Keyword: genome-wide association study    maize    days to silk    dominance effects    
关联分析揭示显性效应对玉米巢式定位群体抽穗期的重要性
马姆·茂尼, 朱军    
浙江大学生物信息学研究所, 杭州 310058
摘要: 采用关联定位全模型和多位点加性模型, 分析了玉米巢式关联定位群体抽丝期的遗传效应.全模型关联分析揭示, 玉米抽丝期受微效多基因的加性、显性、上位性及其环境互作控制, 其中显性效应最为重要.在估算的总遗传率 (79.86%) 中, 与显性效应相关的遗传率高达50.52%, 其次是环境互作效应的遗传率 (27.31%).检测到的极显著 (-log10 PEW>5) 数量性状单核苷酸多态性位点数为全模型50个、加性模型47个 (遗传率=31.65%).基于关联分析玉米抽丝期的结果, 预测了最优自交系和最优杂交组合的基因型组配方式及相应的遗传效应值, 可用于指导玉米群体优异位点的精准分子选择.
关键词: 全基因组关联分析    玉米    抽丝期    显性效应    

Flowering time is an important trait, measuring the adaption capability of plants to local environments[1-2]. The transition from vegetative growth to flowering by integrating different environmental prompts is crucial for plant reproductive success[3]. Flowering time is considered as a major selection criterion in plant breeding[4]. Maize is originated from Balsas teosinte (Zea mays ssp. parviglumis) in the Mexican highlands (approximately 9 000 years ago), and has evolved to adapt in diverse ecological conditions[1]. Dissection of the genetic mechanisms of maize flowering time is crucial for evolutionary analysis and future breeding programs. Several studies have been conducted to discover the underlying genetic architecture of flowering time of maize by using quantitative trait locus (QTL) mapping and genome-wide association study (GWAS)[1-2, 5].

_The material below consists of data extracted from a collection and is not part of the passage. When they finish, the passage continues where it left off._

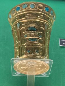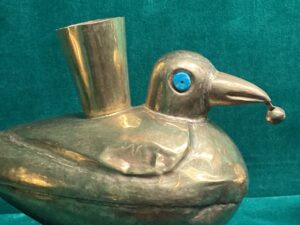 Very striking art piece is the drinking vessel in pure gold and decorated with turquoise representing the culture of the northern coast of Peru.
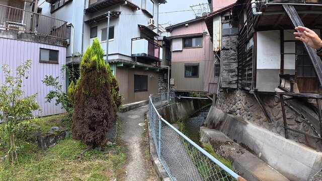ここでロケーション比較してみましょう。切り立ったフェンス、流れる水路、家と路地をつなぐ短い架け橋など、ゲーム内の「戎川町」のモデルとなっているのは一目瞭然ですね。
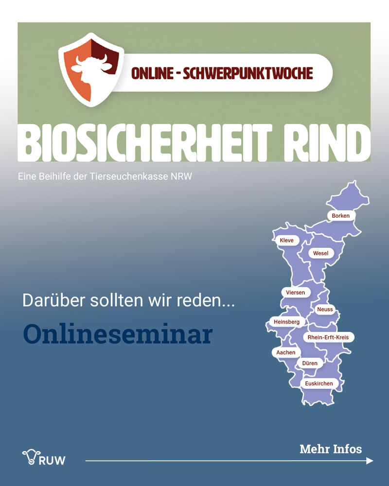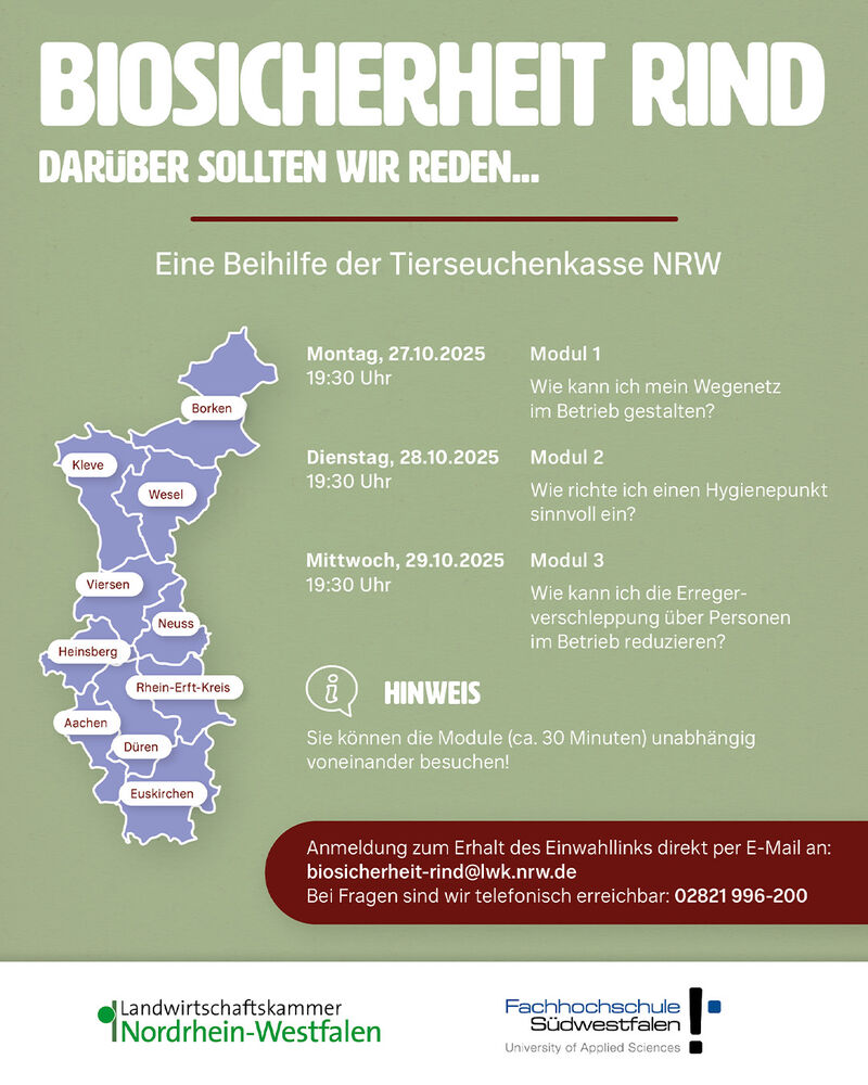 Schreiben Sie einfach eine kurze E-Mail an biosicherheit-rind@lwk.nrw.deund erhalten Sie Ihren persönlichen Einwahllink.
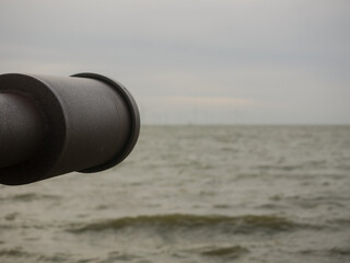 Muzzle of a steel cannon barrel looks out over  gray, endless seeming sea lying in the blurred area. Symbolic image. Represents the necessary willingness to defend ourselves from the distant unknown.
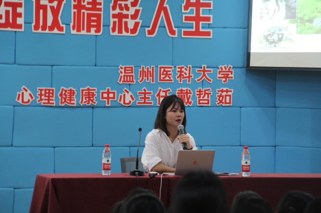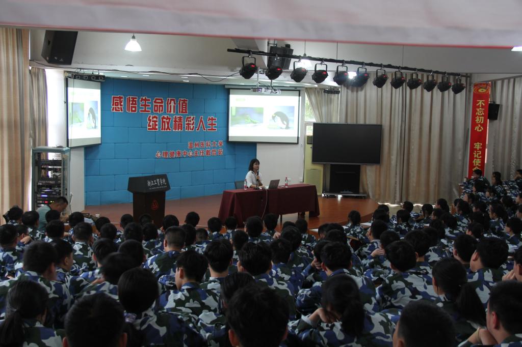 9月23日下午,技师与继续教育学院在1号楼阶梯教室举行了“感悟生命价值,绽放精彩人生”为主题的生命教育讲座。讲座邀请了温州市医科大学心理健康中心主任戴哲茹主任向2020级新生做主题报告。
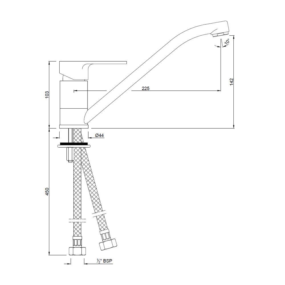 Single Lever Sink Mixer with Swinging Spout (Table Mounted) with 450mm Long Braided Hoses

Dominance and epistasis are important phenomena in quantitative genetics area. Complexity of the genetic architecture can be largely attributed to epistasis, which plays a significant role in heterosis, inbreeding depression, adaptation, reproductive isolation, and speciation[6]. However, most of the GWAS of different organisms have been analyzed by ignoring the impacts of dominance, epistasis and environmental interaction. Ignoring the important factors could be a major cause of missing heritability of GWAS. Heterozygous genotypes are generally found with high proportion in random mating and others specially designed populations. However, in whole genome sequencing data with a large number of single nucleotide polymorphisms (SNPs), a small portion of heterozygote genotypes can be found in inbred lines of animals and crops that could have large impacts on phenotypic traits[7-8]. In this study, an attempt was made to discover the impacts of heterozygous genotypes on days to silk (DS) of maize nested association mapping (NAM) population. For that, the full model approach with additive, dominance, epistasis, and their environmental interactions was analyzed to dissect genetic architecture of DS by using QTXNetwork[9]. Maize NAM population was constructed by only five-generation self-crossing within 25 diverse families[1, 5, 10]. However, there were no heterozygous genotypes rather than a small portion of missing genotypes. The missing genotypes were replaced by heterozygote genotypes in this study. An additive model with only additive (a) and additive by environmental interactions (ae) was also analyzed for comparison study. Genotypes and total genetic effects of best line (BL), superior line (SL), and superior hybrid (SH) were arranged to observe the scope of improvements for future maize breeding.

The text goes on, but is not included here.